Después del baño no cruzaron palabra. Galván envolvió su cintura con una toalla y se puso su camisa de algodón de manga larga.
La señorita cajera le trajo un té caliente envuelta en una bata verde. Sólo cruzaban las miradas y bebían mientras escuchaban la música que pasaba en la radio.
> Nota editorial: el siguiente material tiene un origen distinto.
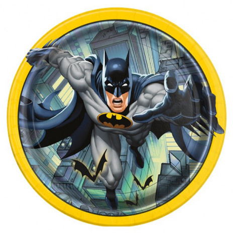 Pratos 21,9 cm de diâmetro com ilustração do Batman, para tornar a tua festa de aniversário ainda mais divertida.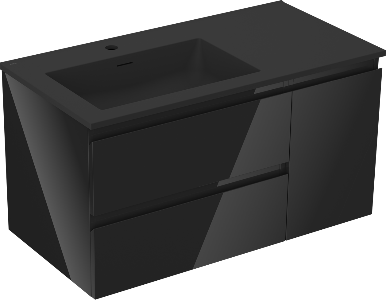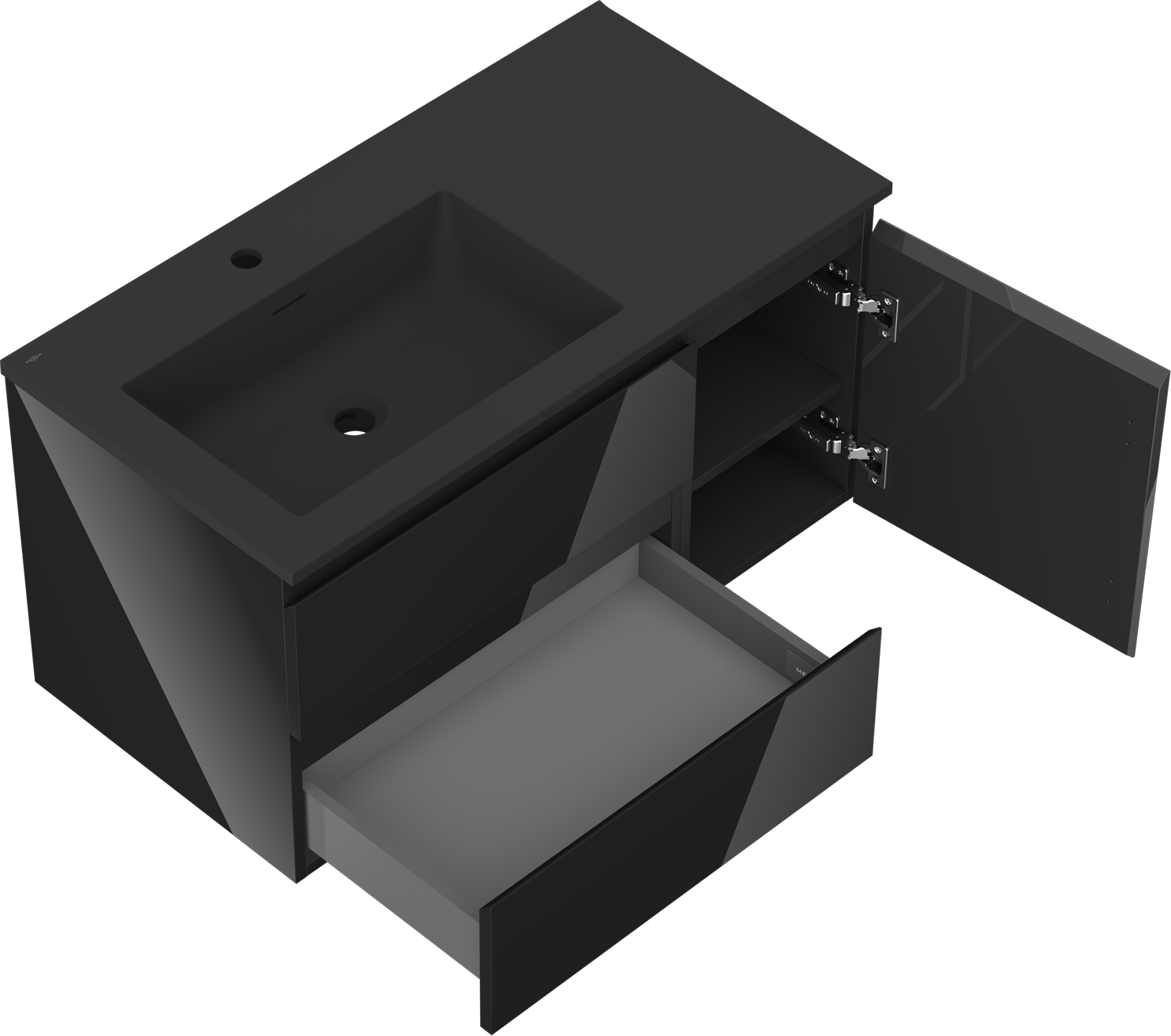 Mexen Orio шкаф за баня 90 см с мивка Otis ляв, 2S, 1D, черен гланц/черен мат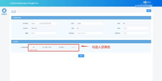 在“人員角色”板塊勾選人員對應(yīng)的角色,并填寫角色對應(yīng)的工作信息、上傳對應(yīng)的附件。其中,注冊人員角色為系統(tǒng)根據(jù)人員的注冊資格情況自動勾選,不可由企業(yè)手動選擇。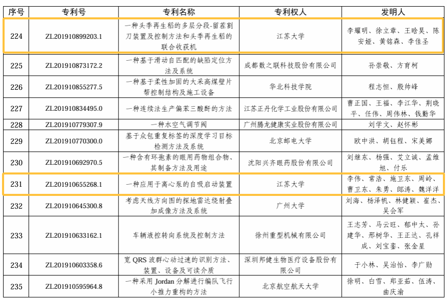 近日,国家知识产权局公布第二十五届中国专利奖授奖决定,李耀明团队专利“一种头季再生稻的多层分段-留茬割刀装置及控制方法和头季再生稻的联合收获机”、李伟团队专利“一种应用于离心泵的自吸启动装置”获评中国专利优秀奖。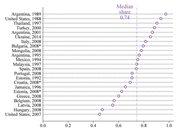 Notes: (i) This figure plots the share of firm credit in non-performing loans for a sample of 23 systemic financial crises, as defined above. (ii) We plot values for the year where the overall non-performing loan ratio reaches its peak after 10 years following a crisis. (iii) * indicates countries that experienced deep recessions during 2008 following large credit expansions but had no financial crisis, according to Laeven and Valencia (2020).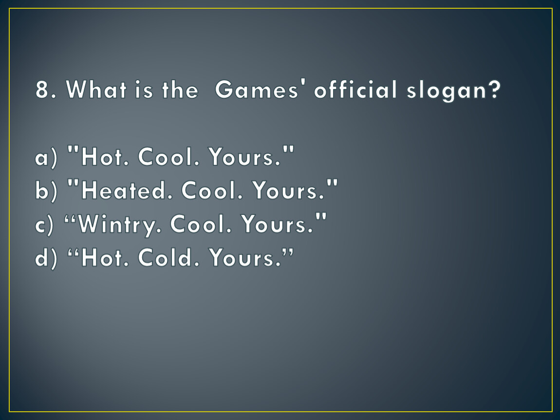 8. What is the Games' official slogan?a) "Hot. Cool. Yours." b) "Heated. Cool. Yours."c) “Wintry. Cool. Yours."d) “Hot. Cold. Yours.”

Era como si se conocieran de toda la vida. Pero no, en realidad sus soledades se habían encontrado.
Ninguno de los dos se animaba a romper el silencio. De pronto, la señorita cajera no pudo retener la risa y soltó una carcajada que rápidamente calló para no despertar a los demás.
-"Galván", le dijo sonriendo mientras le daba la mano. Ella contestó al mismo tiempo con el mismo gesto: "Irene".
Pero el silencio volvió y un aire de incomodidad se instaló en el pequeño estudio. Irene tomó la lámpara de pie y la dirigió hacia la pared roja. La habitación se llenó de luz acogedora que la señorita cajera aprovechó para sentarse sobre Galván mientras su bata caía por la espalda.
Le inspeccionó el rostro, le contó las arrugas y los lunares de la cara y descubrió el escondite de la cicatriz que le cubría el cabello. Le dio un beso y lo abrazó.
-"¡Irene. Irene!". Golpearon a la puerta.
Se ajustó la bata, se peinó y le hizo una seña a Galván para que se escondiera. El, de un salto, se metió bajo el sofá cama sin entender absolutamente nada.
Al abrir la puerta sintió un calor que le quemó la mejilla y le dejó un sabor a sangre en los labios.